Kemiringan lapisan batuan akan mempengaruhi pula terhadap efisiensi

pengurasan. Kemiringan lapisan ini akan mendukung pemisahan antara gas

dengan cairan, karena adanya perbedaan gravitasi.

4.2 Injeksi Air Sebagai Pressure Maintenaance dan Secondary Recovery

Injeksi air sebagai Pressure Maintenance

Salah satu usaha untuk memperpanjang umur produksi adalah dengan

melakukan pemeliharaan tekanan reservoir (pressure maintenance) untuk

meningkatkan recovery minyaknya, yaitu dengan cara menginjeksikan air

kedalam reservoir.

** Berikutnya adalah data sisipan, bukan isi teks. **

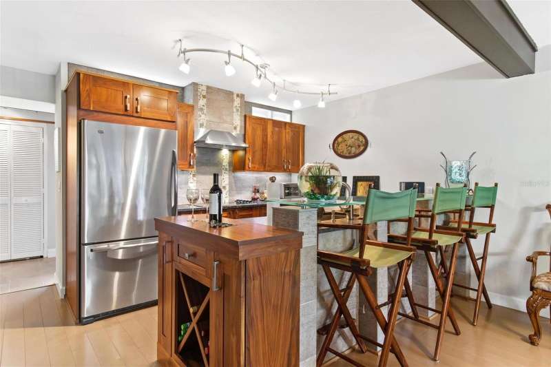 Under contract-accepting backup offers. Discover your gateway to an idyllic waterfront lifestyle in Clearwater Beach. This beautifully renovated townhouse offers 2 bedrooms, 2.5 baths, and a side-by-side 2-car garage with a spacious enclosed bonus room—perfect for a gym, office, or guest retreat. The main level features an open-concept living area with vaulted ceilings, a cozy fireplace, and sliding glass doors that open to a private outdoor deck—ideal for grilling and entertaining in a tropical setting. Enjoy direct access to one of two sparkling community pools just steps away. The updated kitchen includes a versatile bonus nook that can serve as a home office or butler’s pantry, plus a full laundry room with an additional refrigerator and laundry sink. Upstairs, both bedrooms are generous master suites, each with ensuite baths, ample closets, and private balconies for enjoying the coastal breeze. This well-maintained, pet-friendly community offers lawn care, pool maintenance, on-site management, and community boat slips available for rent. With fully funded reserves, recently passed Milestone Inspection, and new roofs installed in 2023, you can enjoy peace of mind and low-maintenance living. Experience the best of Island Estates—lush landscaping, resort-style amenities, and the ultimate Clearwater Beach lifestyle await you at The Village on Island Estates.

Air umumnya diinjeksikan pada bagian bawah reservoir

(Aquifer), dimana sumur produksinya berada pada bagian atas dari struktur

reservoir ( top structure).

Injeksi air pada pressure maintenance dapat dibagi dalam tiga klasifikasi

berdasarkan tempat dimana air diinjeksikan, yaitu :

1. Bottom Water, dimana air diinjeksikan kedalam aquifer yang terletak dibawah

zone minyak, kemudian mendesak kearah vertikal.

2. Edge Water, dimana air diinjeksikan kedalam reservoir melalui zone air yang

terletak disamping zone minyaknya.

3. Crestal Water Injection (injeksi air dari arah puncaknya), yaitu suatu injeksi

air yang dilakukan pada batas minyak-gas.

Operasi injeksi air dalam proyek pressure maintenance dalam

pelaksanaannya menggunakan dua jenis sumur yang berbeda fungsinya, yaitu

sumur injeksi dan sumur produksi. Pada umumnya peralatan untuk operasi injeksi

air terdiri dari pompa, Storage tank dan pipa alir.

Debit injeksi ditentukan untuk mendapatkan keuntungan maksimal,

dimana batas bawah debit injeksi adalah debit yang menghasilkan produksi

Page 14: Proposal Efisiensi Recovery3

minyak yang merupakan batas ekonomi. Sedangkan batas atas debit injeksi

berhubungan dengan tekanan yang mulai menyebabkan terjadinya rekahan.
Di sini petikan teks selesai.